CAPÍTULO 27 – UN FRÍO RECIBIMIENTO
Había llegado el día, y confieso que amanecí mucho más inquieta de lo que me acosté la noche antes. Desperté con ese malestar de quien ha pasado la noche en vela y ahora debe levantarse sin apenas haber descansado dos horas. Pensé que era una sensación a la que estaba más que acostumbrada, pero aquel día me hubiera gustado quedarme escondida debajo de las sábanas y dormir el resto del día. Manuela fue la que me despertó, porque Joseline tenía otras tareas durante aquel día.
Llegó a mí con un vestido negro y sencillo, el mismo que había usado para conocer al rey en nuestro viaje hasta la capital. Me pasé una toalla húmeda por el cuerpo y mi compañera me acarició el cuello y los brazos con agua de rosas. Con un paño limpio y húmedo me lavó la cara e hice gárgaras con el mismo agua de rosas con que me perfumaba.
—¿Os mando traer el desayuno o preferís vestiros primero?
—Arregladme, no sé cuándo llegará el duque y no quiero que nos sorprenda en medio del tocador.
—Bien, llamaré a las demás.
Cuando el resto de mis damas llegaron al tocador todas se afanaron en vestirme y peinarme. Lo hicieron tan perfectamente como habían aprendido durante años. Pero por una vez no tuvieron que soportar mis quejas y mis murmuraciones. Todo debía estar perfecto.

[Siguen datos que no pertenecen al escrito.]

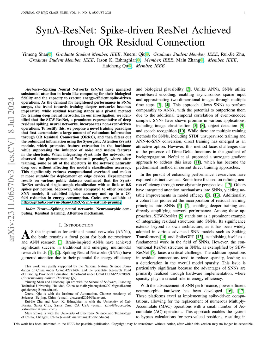 Spiking Neural Networks (SNNs) have garnered substantial attention in brain-like computing for their biological fidelity and the capacity to execute energy-efficient spike-driven operations. As the demand for heightened performance in SNNs surges, the trend towards training deeper networks becomes imperative, while residual learning stands as a pivotal method for training deep neural networks. In our investigation, we identified that the SEW-ResNet, a prominent representative of deep residual spiking neural networks, incorporates non-event-driven operations. To rectify this, we propose a novel training paradigm that first accumulates a large amount of redundant information through OR Residual Connection (ORRC), and then filters out the redundant information using the Synergistic Attention (SynA) module, which promotes feature extraction in the backbone while suppressing the influence of noise and useless features in the shortcuts. When integrating SynA into the network, we observed the phenomenon of "natural pruning", where after training, some or all of the shortcuts in the network naturally drop out without affecting the model's classification accuracy. This significantly reduces computational overhead and makes it more suitable for deployment on edge devices. Experimental results on various public datasets confirmed that the SynA-ResNet achieved single-sample classification with as little as 0.8 spikes per neuron. Moreover, when compared to other residual SNN models, it exhibited higher accuracy and up to a 28-fold reduction in energy consumption.
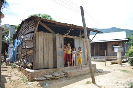Cách đó không xa là nhà của chị Thúy. Trận mưa đá vừa xảy ra vào đầu tháng 5 khiến ngôi nhà càng xuống cấp nghiêm trọng và có thể đổ sập bất cứ lúc nào. Bên trong căn nhà chẳng có giá trị ngoài chiếc tivi cũ. Chỉ lên mái tôn chi chít những lỗ thủng chị Thúy buồn rầu cho biết: “Trận mưa đá làm mái tôn nhà tôi bị hư hỏng nặng nhưng chưa có tiền sửa. Tiền ăn hàng ngày đã khó rồi lấy tiền đâu mà sửa nhà. Vừa rồi túng thiếu quá không còn cách nào khác tôi đành bán tóc để lấy tiền đi chợ và lo cho các con”.

Cuando era pequeña y mi madre aún vivía, visitamos una vez un pequeño teatro que había en la capital donde se desarrollaba una obra de teatro. No recuerdo bien qué estaban representando, pero desde ese momento, mi madre hizo llegar a palacio multitud de artistas para que nos interpretasen las obras del momento. Algunas divertidas, que sacaban carcajadas a mi hermana, y otras más tristes que a mi madre le hacían saltar las lágrimas. Pero lo que yo más disfrutaba era colarme con mi hermana en los vestuarios que habían habilitado para los actores y verlos maquillarse, y vestirse, con ojos concentrados y miradas ausentes, mientras se adentraban en las intrincadas mentes de sus personajes.
Ese día me sentí así, y nunca antes me había parado a pensar en ello. Pero aquel día sí que acudió a mi mente aquellos recuerdos. Mientras Amanda me peinaba y Marisa me alisaba los pliegues de la falda, intenté concentrarme en mi propio personaje, hacerme a la idea de que debía llevar una máscara. ¿O no? Tal vez no era realmente una máscara lo que debiera portar, sino vestirme con el traje de la verdad, que sería mucho más convincente, y por qué no, real.
Manuela me miraba a través del espejo, como un fantasma del pasado que espera hallar en mis ojos la confirmación de su propia existencia.
—Hoy os divertiréis. —Me dijo, sabiendo que podría incluso llegar a disfrutar de aquel día. Me sacó una sonrisa
—¿De verdad lo crees?
—Puede que incluso más que el rey.
—No me cabe la menor duda.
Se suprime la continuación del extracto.